Dr Sharon Jagger writes about a recent event that brought together two leading voices on US politics and the intersections of race and Christianity.
The Trump era in US politics brought to the fore the connections between White Christian nationalism and evangelical churches, leaving Black worshippers pondering their position. The Southern Baptist Convention in the US, for example, has been in the US news recently as several high profile Black pastors abandon their association with the denomination. One of the largest Protestant churches in the country, SBC has become associated with racial divisions, according to news outlets like the Washington Post.

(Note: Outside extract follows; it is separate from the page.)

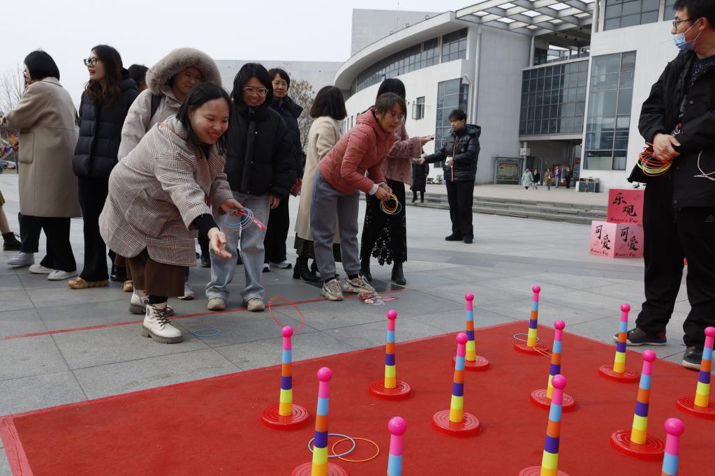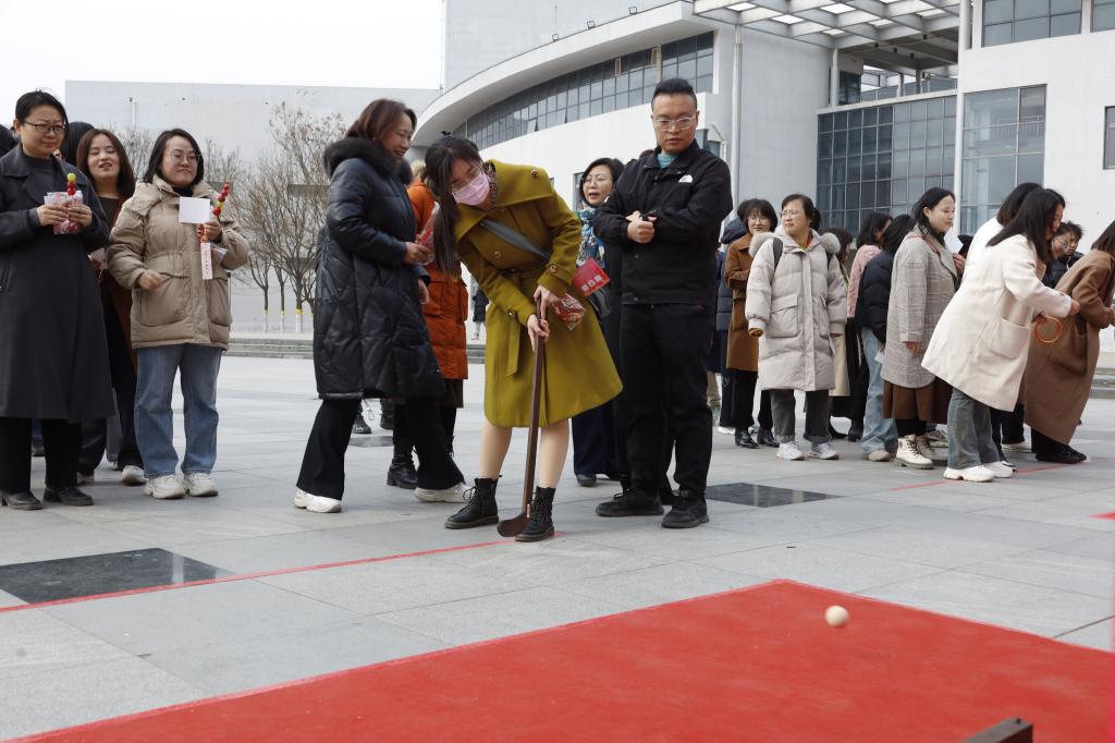 “她的力量・含蕴中华”—艺韵传承文化体验活动现场更是热闹非凡。五彩的丝线在女职工们灵活的指尖上下翻飞,一个个精美的中国结应运而生,寓意着吉祥如意。在漆书签制作区域,女职工们全神贯注地为书签上漆、描绘精美图案。香囊制作活动区域,香气扑鼻,大家亲手填充香料,精心缝制香囊,深深感受着传统民俗的独特魅力。在糖葫芦制作区,女职工们亲自体验熬糖、裹糖的流程,脸上绽放出幸福灿烂的笑容。捶丸和投掷乾坤圈的场地充满了蓬勃的活力,女职工们分组展开激烈竞技,在传统体育项目中尽情感受运动带来的快乐。

Such public departures, says Jemar Tisby, US Black historian and church pastor, are indicative of the type of resistance that is needed to push back against Christian discourses that support White supremacy. At a recent online event, hosted by the Woolf Institute, Jemar Tisby explained his work in raising awareness of the increasing discomfort of Black Christians in the US, with his campaign coalescing around the trending #leaveLOUD movement. It appears that for some time Black worshippers have been leaving majority-White evangelical churches where support for Trump has been concentrated. The New York Times reports this as a ‘quiet exodus’. Jemar Tisby aims to make this exodus public and noticeable.

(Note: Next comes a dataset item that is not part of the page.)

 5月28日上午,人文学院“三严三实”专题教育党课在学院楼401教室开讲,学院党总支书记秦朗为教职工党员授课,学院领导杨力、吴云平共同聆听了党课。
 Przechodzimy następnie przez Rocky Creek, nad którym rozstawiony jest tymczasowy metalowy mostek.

Explaining the intersections between race, Christianity and US politics, he points to the reported 81% of White evangelicals who voted for Trump in 2016 as an indicator that the ‘veneer’ of racial harmony within evangelical churches is crumbling. Historically, there has been an understanding that White conservative evangelicals in the US have coalesced around the political Right under the pro-life banner. Jemar Tisby is revisionist, stating that the real connections between White evangelicals and the Right are rooted in White supremacist stances, reaching back to the days when racial segregation was part of US life. Interestingly, movements for reconciliation have swept through these evangelical churches; in 1994 the ‘Memphis Miracle‘ was hailed as a healing moment, as Black pastors were prayed over at a Pentecostal gathering, and the Southern Baptist Convention, in 1995, made a public event of repenting of their pro-slavery past. For Jemar Tisby though, these events have lost their currency with the resurgence of White nationalism amongst evangelicals. Trump’s presidency exposed the White supremacy narrative as the real connection between the political Right and White evangelicalism.
The second speaker at the event was Philip Gorski, a White American sociologist specialising in the intersection between whiteness, nationalism, and Christianity in the US. He talks publicly about the need for White Christians, particularly in the evangelical camp, to resist the divisive and racist nationalist positions that have become increasingly visible since Trump’s election in 2016. Philip Gorski is downbeat about the future of US democracy. The historic iterations of the struggle between multi-racial democracy and minoritarian White authoritarian politics have shown that the country tends towards the latter when a fork in the road appears.
According to Philip Gorski, the narrative of the US as a country founded on Christianity has produced religious tropes that are embedded into its political life which are fundamentally racist. The ‘promised land’ story of the Pilgrim Fathers is one of White victory over native Americans; the ‘End Times’ story enables White evangelicals to see a cosmic fight between good and evil revolving around the heroic White male; and the ‘Flood’ story segregates racial groups and is accompanied by undertones of supremacy of one (White) race favoured by God. It is through these lenses that events are often interpreted, leading to an overarching narrative of a battle for control over US political and cultural life based on White Christian supremacy.
For Philip Gorski, these narratives explain the rise of such groups as the Tea Party (a Conservative political movement in the US) and the sense of White existential threat that Barak Obama’s presidency generated. The conclusion is that White nationalist Christianity is a powerful engine in US politics and its divisive beliefs are worrying. Whilst Black activists like Jemar Tisby are working to raise awareness of the tensions within US evangelicalism, Philip Gorski says that the responsibility lies with White Christians to engage with the debate, to resist and to challenge White Christian nationalism that leverages Christianity to promote a political agenda based on the notion of White supremacy.
Jemar Tisby is author of ‘How to Fight Racism: Courageous Christianity and the Journey Toward Racial Justice‘. His latest book ‘The Color of Compromise‘ is due out in November 2021.
Philip Gorski is Professor of Sociology and Religious Studies at Yale University. His latest book is ‘American Babylon: Christianity and Democracy Before and After Trump‘.